Von starken Pharmazeutika bis hin zu illegal hergestellten synthetischen Produkten – Opioide schüren eine tödliche Drogenkrise in Amerika.

  • Siedlungen: CVS und Walgreens einigten sich vorläufig darauf, jeweils etwa 5 Milliarden US-Dollar zu teilen, um Tausende von Opioid-Klagen beizulegen. Teva Pharmaceuticals, die letzten verbleibenden Angeklagten im New Yorker Opioid-Prozess, wird über eine halbe Milliarde Dollar teilen.
  • Schwangere Frau:Die Biden-Administration plant, den Einsatz von Medikamenten zur Behandlung von Substanzstörungen bei schwangeren Frauen im Rahmen ihrer Bemühungen zur Bekämpfung der Drogenkrise auszuweiten.
  • Eine gewagte Suchtstrategie:Rhode Island ist der erste Staat, der beaufsichtigte Drogenkonsumstätten legalisiert, von denen einige Experten glauben, dass sie dazu beitragen werden, die Überdosierungsraten zu senken.
  • McKinseys Sway:Von Mohnfeldern bis hin zu Pillen zeigt eine Fülle von Dokumenten, wie das Beratungsunternehmen Opioidherstellern eine „tiefgreifende Erfahrung mit Betäubungsmitteln“ vermittelte.
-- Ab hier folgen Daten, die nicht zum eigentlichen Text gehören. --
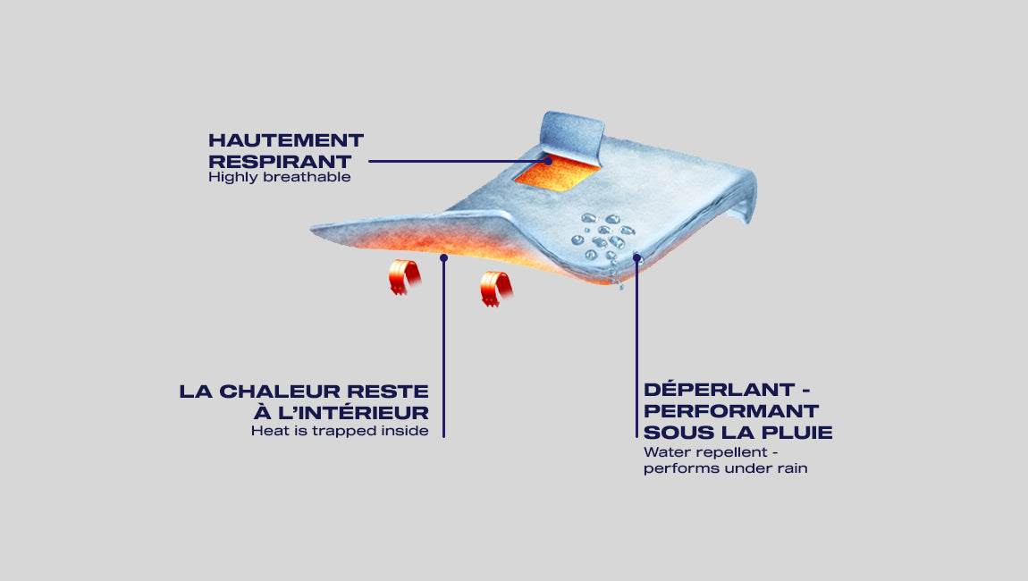 Inspirée des vêtements techniques, elle offre un rapport poids/chaleur inégalé, tout en restant respirante.

In einem sagte das Unternehmen: „Der Vergleichsrahmen von Walmarts ist im besten Interesse aller Parteien und wird den Gemeinden im ganzen Land im Kampf gegen die Opioidkrise erhebliche Hilfe leisten, wobei die Hilfe den Staat und die lokale Bevölkerung schneller erreicht als jede andere im ganzen Land Opioidvergleich bis heute.“

In der Erklärung heißt es jedoch auch, dass das Unternehmen dies immer noch „nachdrücklich bestreitet“. dagegen in den Argumenten. „Dieser Vergleichsrahmen beinhaltet kein Eingeständnis einer Haftung“, heißt es in der Erklärung.

William Tong, der Generalstaatsanwalt von Connecticut, stellte fest, dass die Walmart-Vereinbarung gerichtlich angeordnete Anforderungen zur strengen Überwachung von Verschreibungen als Notlösung gegen sogenannte Pillenmühlenärzte sowie zur Verhinderung von Mehrfachverschreibungen von Opioiden durch Patienten enthält.

Ähnliche Schutzmaßnahmen wurden in Opioid-Vereinbarungen mit Unternehmen der gesamten pharmazeutischen Industrie, einschließlich Herstellern und Händlern, eingeführt, um den weit verbreiteten Missbrauch zu verlangsamen.

Herr Stein, der Generalstaatsanwalt von North Carolina, sagte: „Dieser Deal mit Walmart trägt zu den wichtigen Fortschritten bei, die wir bereits durch unsere Vergleiche mit den Opioidherstellern und -vertreibern erzielt haben – und wir sind noch nicht fertig.“

Die Anwälte der Kläger sagten, dass einige frühere Vereinbarungen noch abgeschlossen werden müssten und auch Geschäfte mit kleineren Apothekenketten und Arzneimittelherstellern angestrebt würden.